By late 2024, the dominant narrative in the large model industry was "bigger parameters mean stronger models." Training a model with hundreds of billions of parameters cost tens of millions of dollars. DeepSeek V3, with 671 billion total parameters and a Mixture of Experts (MoE) architecture activating 37 billion experts per inference, reduced single-training costs to just over $5 million.

Instead of cutting parameters, it relied on MoE routing strategies, DSA attention mechanisms, and extreme engineering optimizations—essentially, spending every compute dollar wisely.

V4 follows the same path but pushes it further.

Technically, the full V4 version jumps to 1.6 trillion total parameters, with a 285-billion Lite version as a more economical option. The attention mechanism upgrades to DSA2, integrating DSA designs from DeepSeek V3/R1 while introducing the NSA sparse attention scheme proposed in earlier papers. The MoE system adopts a Mega kernel structure, configuring 384 experts per layer and activating 6 per inference. Residual connections continue with the Hyper-Connections scheme, foreshadowed in recent DeepGemm updates.

To outsiders, these terms may sound like gibberish, but industry insiders immediately recognize their implications: V4 represents the culmination of DeepSeek's technological advancements over the past two years.

But the most noteworthy change lies in its implementation.

The true reason for V4's delayed release wasn't unresolved bugs but DeepSeek's migration of the entire system from NVIDIA's ecosystem to Huawei Ascend chips.

This wasn't a simple driver swap. DeepSeek R1's extreme optimizations for NVIDIA GPU's PTX bottom layer (PTX low-level) were its core competitive advantage. PTX, the intermediate language in CUDA's ecosystem, allowed it to squeeze out every ounce of performance. However, migrating to Huawei Ascend rendered all NVIDIA-based engineering accumulations obsolete. The entire bottom layer 代码 (low-level code), scheduling logic, and engineering framework had to be rewritten.

What made this difficult? Once large model parameters reached the trillion level, compute pressure shifted from "pure computation" to "system scheduling and communication." While DeepSeek V4 reduced single-inference computation via MoE, it placed higher demands on memory bandwidth, inter-chip connectivity, and KV Cache management.

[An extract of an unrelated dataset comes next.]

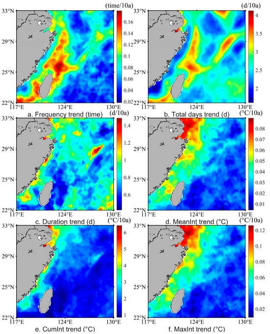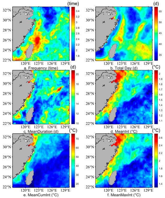 This study investigates changes in surface ocean heatwaves within the East China Sea from 1982 to 2024, utilizing SST data from 1982 to 2011 as the 30-year baseline for the historical climate. Figure 2 presents the analysis outcomes. The figure delineates various metrics associated with MHWs: Figure 2a illustrates the annual average frequency, Figure 2b displays the total number of days, Figure 2c depicts the average duration, Figure 2d indicates the average intensity, Figure 2e summarizes the cumulative intensity, and Figure 2f shows the maximum intensity. The spatial distribution of MHW occurrences across the East China Sea exhibits considerable variability, with an average of 1–4 events per year (Figure 2a). Regions with a high frequency of events, defined as more than three occurrences per year, are primarily located on the continental shelf slope fold zone north of Taiwan and near the Dongsha Islands. These regions are also found in waters west of the Ryukyu Islands. These areas are subject to influences from the branches of the Kuroshio Current and topographic uplift (the topographic uplift effect refers to the dynamic and thermal processes generated when air currents encounter mountainous terrain and are forced to climb along the windward slope), which contribute to persistent temperature anomalies [32]. Conversely, regions experiencing lower frequency—1–2 events per year—are mainly located in the northern mid-latitude waters of the East China Sea and along the Chinese mainland coast. We can attribute this distribution pattern to the temperature buffering effects of coastal upwelling and freshwater input [33].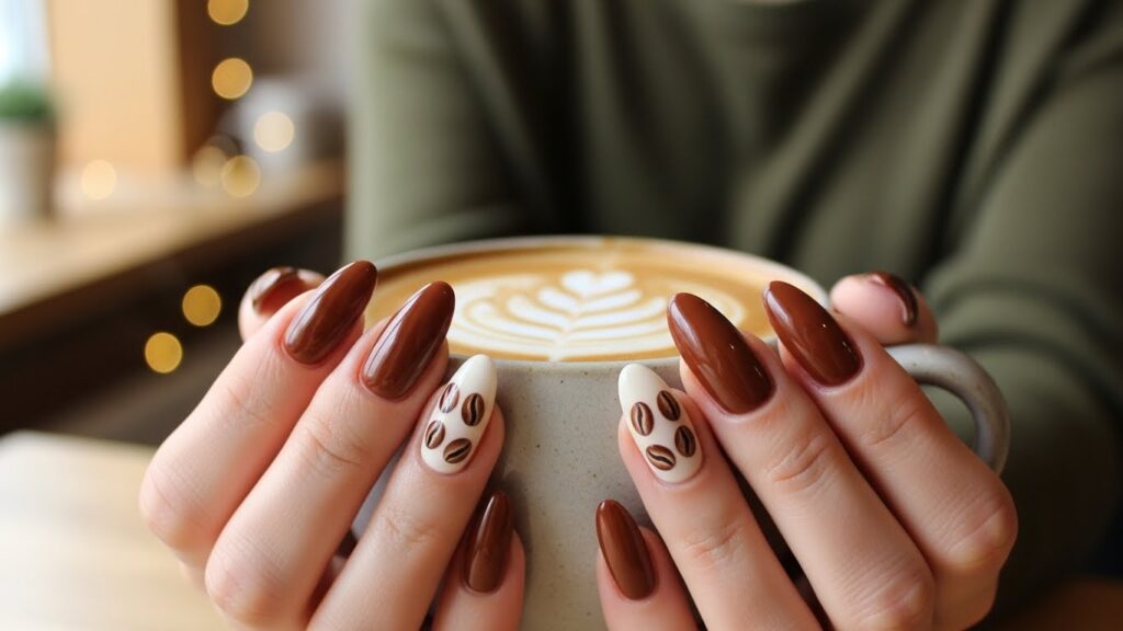 A soft brown manicure paired with one or two accent nails featuring tiny coffee bean or latte-art-inspired designs. Cute, fun, and very on-theme for autumn.

In NVIDIA's ecosystem, discussions on H100/B200's high-bandwidth interconnects via NVLink confirmed single-node GPU bandwidth reaching TB/s levels. Ascend lags significantly in these metrics, relying more on optical modules for cross-node expansion, introducing additional latency and synchronization overheads. Software-wise, Ascend's CANN framework still lags behind CUDA in operator coverage, automatic parallelization, and kernel fusion maturity.

The cost was time. V4, initially planned for release during this year's Lunar New Year or February-March, was delayed until April. According to Reuters, V4 will run on Huawei's latest Ascend chips, with engineers spending extensive time rewriting core code. Two versions are planned: a full version for Huawei Ascend chips and a lightweight version for other domestic chips.

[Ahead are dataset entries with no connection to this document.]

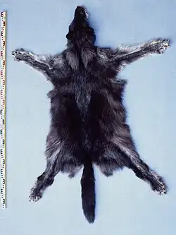 Although the black wolves of America were originally given the same binomial name as those in Europe, Anselme Gaëtan Desmarest believed that they were a different species.[15] Historically, the natives of the banks of the Mackenzie River, Saskatchewan River and southern Canada apparently never viewed black wolves as a distinct species.[16] In his 1791 book Travels, William Bartram mentioned seeing black wolves among the few red wolf populations he saw in Florida. He stated that they were "perfectly black", except the females which were described as having a white spot on the breast. Bartram also described a "black wolf-dog of the Florida Indians" which was identical to the local wolves, save for the fact that it could bark, and could be trusted around horses.[5] The fur of a black wolf was once considered by the natives of New England to be worth over 40 beaver skins. A chieftain accepting a gift of black wolf fur was seen as an act of reconciliation.[17] The black wolves of the Southern United States were considered a separate species to the northern kind due to differences in colour and morphology, and were named dusky or clouded wolves (Canis nubilus).[4][18] The dusky wolves occurred in the Missouri Territory, and were intermediate in size between common wolves and coyotes. They apparently produced a foul odour.[19] On January 15, 2009, a male black wolf from "Mollie's Pack" in the Yellowstone National Park's Pelican Valley was weighed in at 143 lbs, making it the largest Yellowstone wolf on record.[20]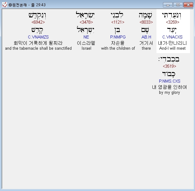 히브리어구약BHS,43 וְנֹעַדְתִּי שָׁמָּה לִבְנֵי יִשְׂרָאֵל וְנִקְדַּשׁ בִּכְבֹדִי׃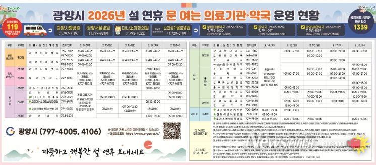 연휴 동안 지역 응급의료기관인 ▲광양사랑병원 ▲광양서울병원 등 2개소는 응급실을 24시간 비상체제로 운영하며, 관내 병·의원 105개소, 보건의료기관 6개소, 휴일지킴이 약국 46개소가 문을 열어 의료 서비스를 제공한다.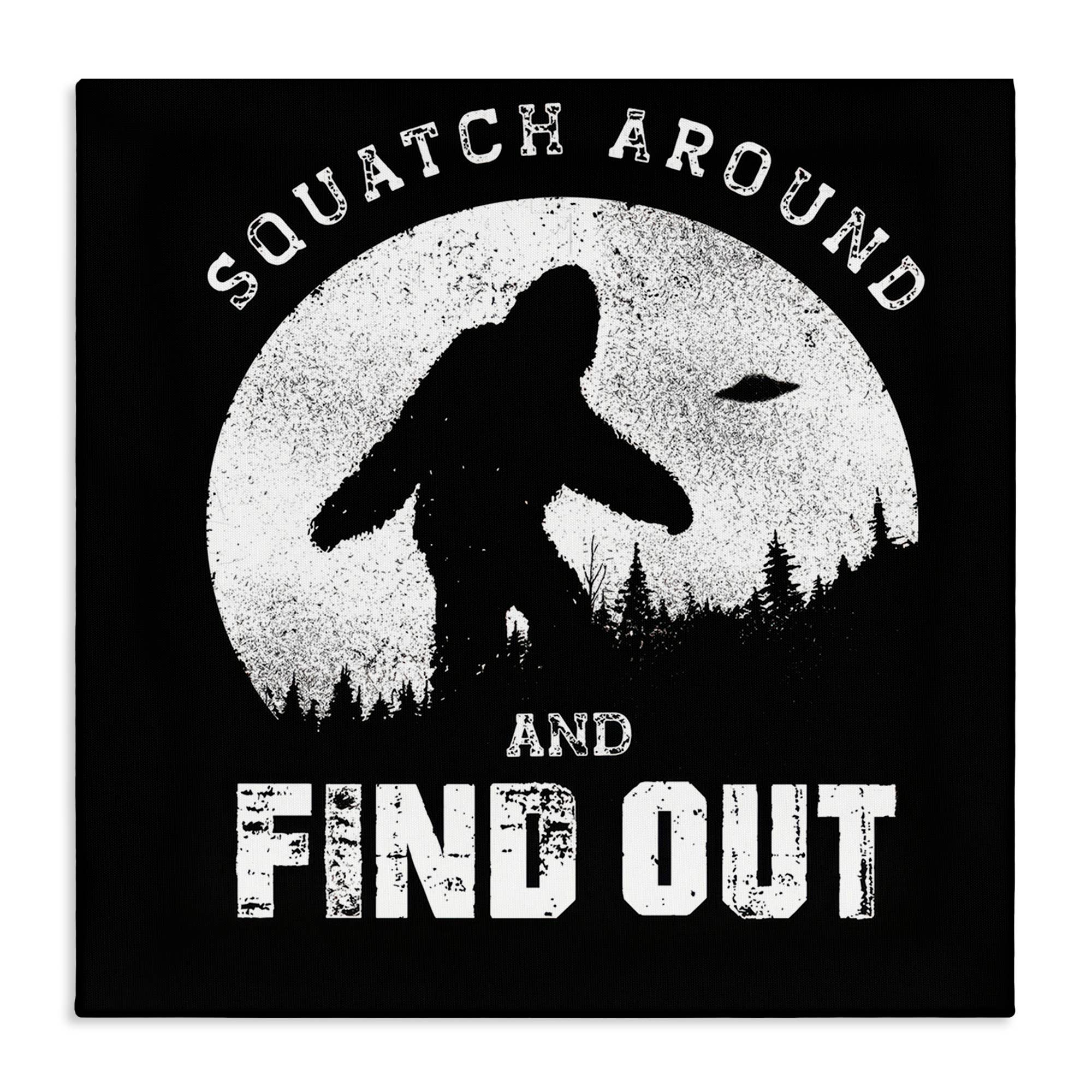 Impression artistique murale de Bigfoot auto-stoppeur sur une route forestière personnalisée en vente B2B

The significance of this move cannot be overstated. Over the past two years, the large model world has built a massive factory where all tools, scales, and assembly lines were written in English. Working in this factory required using others' tools. NVIDIA CEO Jensen Huang's recent reaction underscores this point—he called DeepSeek's new Huawei-based model "a terrible outcome for the U.S." Coming from NVIDIA's boss, these words carry significant weight.

Once a top-tier model runs stably and efficiently on Chinese domestic hardware, the moat around U.S. chips becomes less secure. During the April 24 announcement, officials confirmed that V4 will officially support Huawei computing power in the second half of the year.

02

Inference Pricing Wars Begin: Democratizing Million-Token Contexts

Architectural optimizations must deliver tangible cost reductions. And cost control is something DeepSeek has mastered before.

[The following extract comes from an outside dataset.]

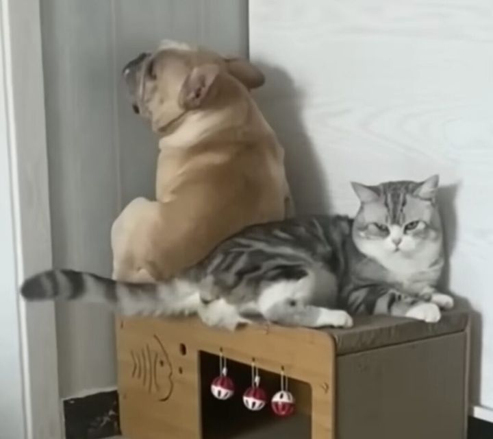 3. 怒られるって分かっているのに、それでも猫さんの隣にいたいワンコ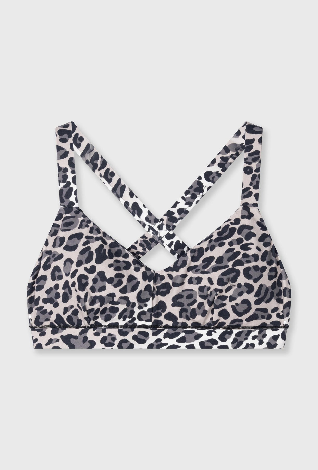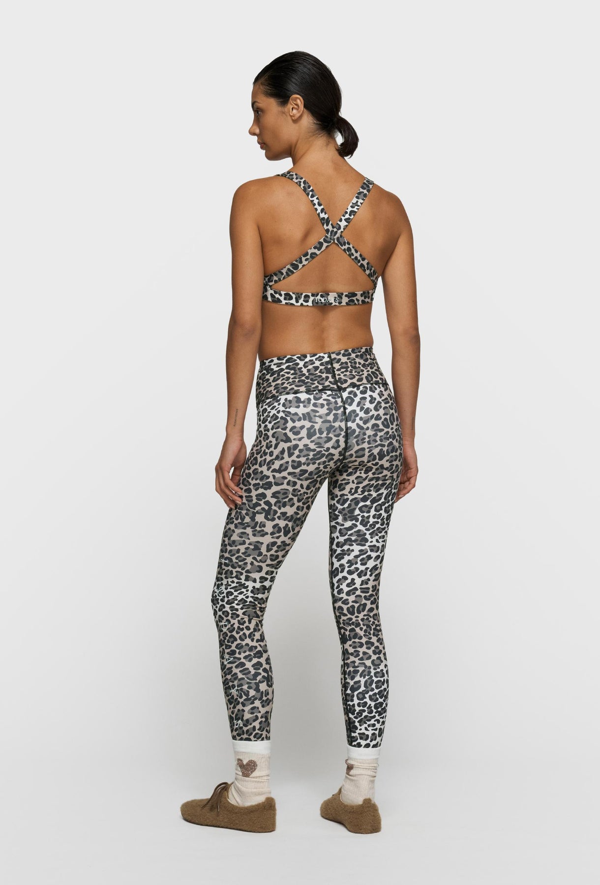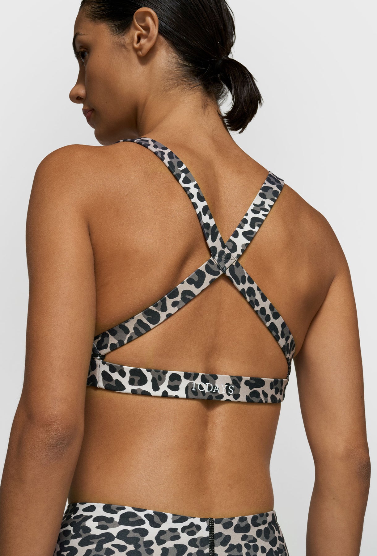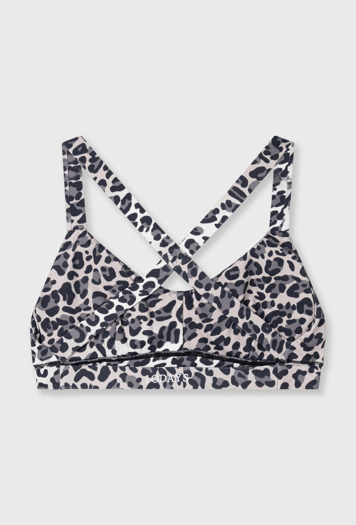 Profesjonalny stanik sportowy o dynamicznym kroju, wzbogacony wyrazistym, monochromatycznym wzorem w panterkę (lub: cętki). Ten model łączy maksymalne wsparcie ze stylowym, fashion-forward designem, idealnym na intensywny trening i jogę. Stanik wykonany jest z elastycznego, technicznego materiału, który zapewnia doskonałe odprowadzanie wilgoci i komfort noszenia nawet podczas najbardziej wymagających ćwiczeń. Wzór w panterkę utrzymany jest w neutralnych odcieniach szarości, bieli i czerni. Charakterystycznym elementem jest krzyżujący się na plecach układ szerokich ramiączek (crossback), który gwarantuje idealne dopasowanie i stabilne wsparcie bez ograniczania ruchów. Szeroki, elastyczny pas pod biustem zapewnia dodatkowe trzymanie, a na jego środku, z tyłu, widoczne jest kontrastowe logo 10DAYS. Dzięki swojemu designowi, ten stanik sportowy doskonale sprawdzi się jako samodzielny top lub jako element stylowego zestawu treningowego, stanowiąc motywujący i modny akcent aktywnych zestawów.

In early 2025, while others competed in training-end spending, DeepSeek V3 slashed training costs for models of equivalent parameter scale to a fraction of industry averages using an optimized MoE-DSA architecture. Some called it the "training-end deflation miracle."

But over the past year, the AI industry's challenge shifted from "how to train a good model" to "how to make good models affordable." By 2026, China's daily token calls surpassed 140 trillion, growing over a thousandfold in two years. With such explosive growth, inference costs became the sole bottleneck.

V4 addresses this with two cost-cutting measures. The first operates at the architectural level: shifting the attention mechanism from dense computation to DSA2 sparse attention, compressing token dimensions. Officials state this "significantly reduces computational and memory demands compared to traditional methods." The second operates at the precision level: supporting FP4 precision, halving memory requirements from FP8.

Reuters' earlier calculations support these efficiency gains: V4 activates only ~37 billion parameters per token, keeping inference costs on par with V3 despite over doubling parameter count. This means enterprises needing compute clusters and API-calling startups can maintain similar budgets while scaling to larger models.

DeepSeek's long-standing pricing strategy also lowers barriers. Affordable, high-quality models drive sustained call volume growth, which in turn amortizes R&D investments and fuels the release of even larger models—creating a virtuous cycle.

This logic has proven successful for multiple open-source models over the past year, and V4 appears poised to accelerate it further.

V4 also sends a subtle but critical signal: million-token contexts become standard.

A year ago, 1M contexts were Gemini's exclusive ace, with most closed-source models capped at 128K or 200K and open-source ecosystems rarely touching this scale. DeepSeek didn't package it as a premium feature but announced that all V4 services would default to 1M contexts—and open-source the technology.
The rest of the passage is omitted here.